A “gray baby” syndrome occurs in newborn infants because their deficiency in glucuronic acid conjugation causes a dose‐dependent anemia. In animals, chloramphenicol toxicity is related to both the dose and duration of treatment, and cats are more likely than dogs to develop toxicity. In cats, clinical signs of toxicity may be seen when the usual maintenance dosage of 25 mg/kg of base or palmitate ester is given twice daily for 21 days (Watson, 1991). Chloramphenicol causes changes in the peripheral blood and bone marrow due to reversible, dose‐related disturbances in red cell maturation. Administration for less than 10 days using the maintenance dose is not likely to cause toxicity in either dogs or cats, unless the animals have depressed hepatic microsomal enzyme activity or severely impaired renal function. Use in dogs is associated with frequent adverse gastrointestinal effects (e.g., vomiting, diarrhea, weight loss, nausea, anorexia, decreased appetite), as well as lethargy, shaking, and hindlimb weakness (especially in large dogs) (Short et al., 2014).

Dosage Considerations

Therapeutic efficacy of chloramphenicol is maximized by maintaining an average steady‐state plasma concentration of 5–10 μg/ml.
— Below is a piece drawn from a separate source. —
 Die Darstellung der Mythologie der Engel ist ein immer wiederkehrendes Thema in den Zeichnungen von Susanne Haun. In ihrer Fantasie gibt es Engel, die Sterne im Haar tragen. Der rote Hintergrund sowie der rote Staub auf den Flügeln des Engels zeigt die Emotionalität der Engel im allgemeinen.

Chloramphenicol is available for either oral (free base or palmitate ester) or parenteral (sodium succinate) administration. For local treatment of eye or ear infections caused by susceptible organisms, topical preparations are available.

Because chloramphenicol is well absorbed from the gastrointestinal tract in small animals, it can be given orally as either the base or palmitate ester. The ester is hydrolyzed in the small intestine prior to absorption of the active free base. Subcutaneous injection of chloramphenicol sodium succinate is an alternative to oral administration. While both routes may provide equivalent concentrations, the oral route is preferable as injection of the parenteral preparation is painful. Intramuscular injection provides significantly lower plasma levels than subcutaneous and oral routes, and is not recommended. The total length of treatment should not exceed 10 days, especially in cats. Do not administer chloramphenicol to patients with evidence of bone marrow suppression or renal/hepatic insufficiency.
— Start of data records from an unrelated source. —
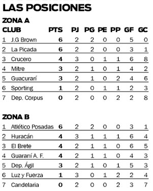 La jornada inició el pasado jueves con la goleada de Crucero del Norte ante Andrés Guacurarí por 5 a 3; mientras que los encuentros que fueron suspendidos el sábado, debido a las inclemencias del tiempo, serán reprogramados este lunes.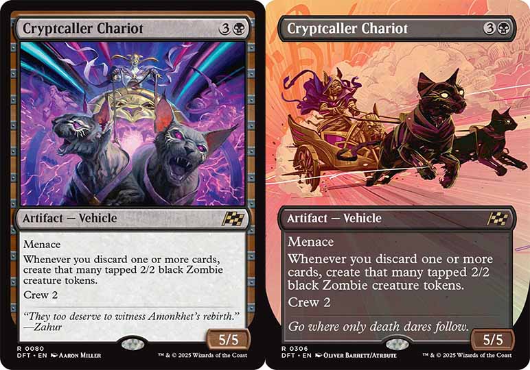 In un’espansione del genere ovviamente sono presenti numerosi tipi di Veicoli, ognuno con caratteristiche che si adattano soprattutto alle strategie dei team di riferimento. Ma tanto sappiamo già che, tra Draft e Constructed, si riuscirà sicuramente a combinare questi Veicoli a tutt’altre squadre e strategie. Piuttosto, è stata introdotta una nuova meccanica che rende alcune carte Creatura alla stregua di Veicoli: Saddle. La Creatura che la possiede funziona come una creatura normale, ma quando viene sellata alla strega dell’abilità Equpaggio dei veicoli, essa può avere nuovi effetti.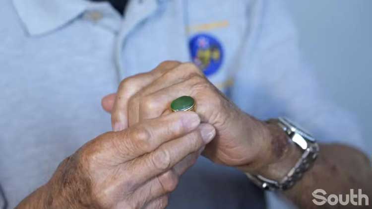 黎玉荣就珍藏着一枚由翡翠原石镶嵌而成的戒指,这源自他在缅甸公路上的一段经历。他曾遇到一位抱着孩子的饥饿妇人,他把身上所有的口粮都给了她。妇人感激之下,扔给他一块白色石头。“我当时也不知道是什么,后来带回美国后才知道那是一块翡翠原石。”他说,后来他把这块“石头”镶成戒指,看着它随岁月流逝而渐显温润绿色。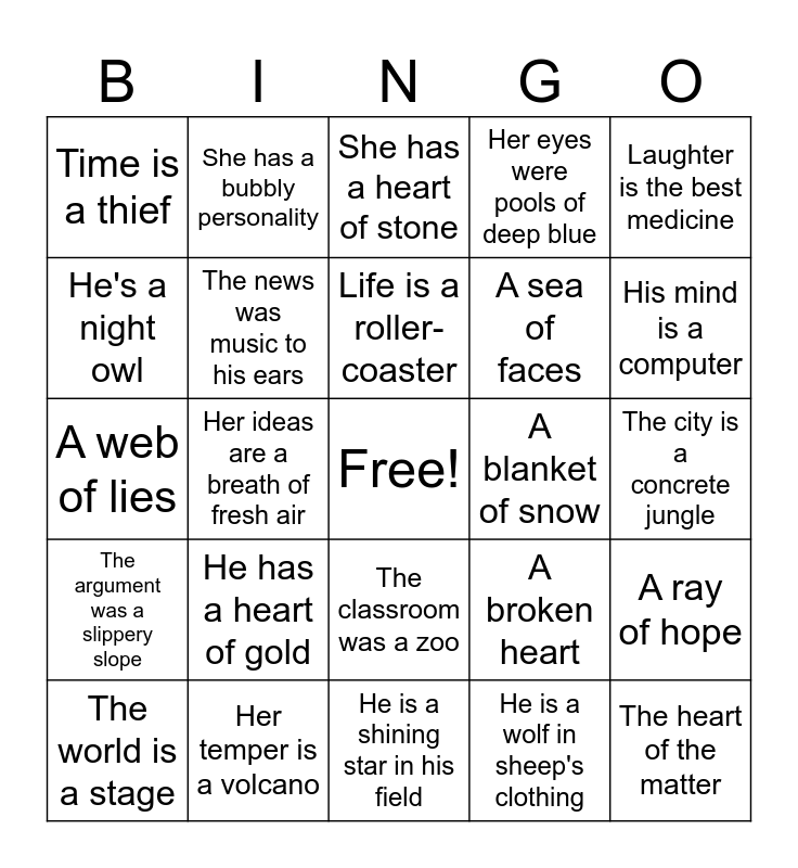 This bingo card has a free space and 24 words: He has a heart of gold, Her temper is a volcano, Life is a roller-coaster, The world is a stage, Laughter is the best medicine, Time is a thief, He's a night owl, She has a bubbly personality, A blanket of snow, The classroom was a zoo, A sea of faces, A web of lies, A broken heart, A ray of hope, The news was music to his ears, He is a wolf in sheep's clothing, The city is a concrete jungle, She has a heart of stone, His mind is a computer, Her ideas are a breath of fresh air, The heart of the matter, The argument was a slippery slope, Her eyes were pools of deep blue and He is a shining star in his field.

The short half‐life of chloramphenicol in horses (one hour), together with its generally bacteriostatic action, makes IV administration impractical. Tablets of the free base drug can be administered orally or the sodium succinate formulation can be given by IM injection. After absorption from injection sites, the inactive succinate ester is rapidly hydrolyzed to the active drug.

Because of the risks of idiosyncratic aplastic anemia in humans, chloramphenicol is banned for use in food animals in most countries. The drug should not be used in the early neonatal period unless plasma concentrations are monitored, and should be used with caution in pregnant animals because of the potential adverse effects on the fetus.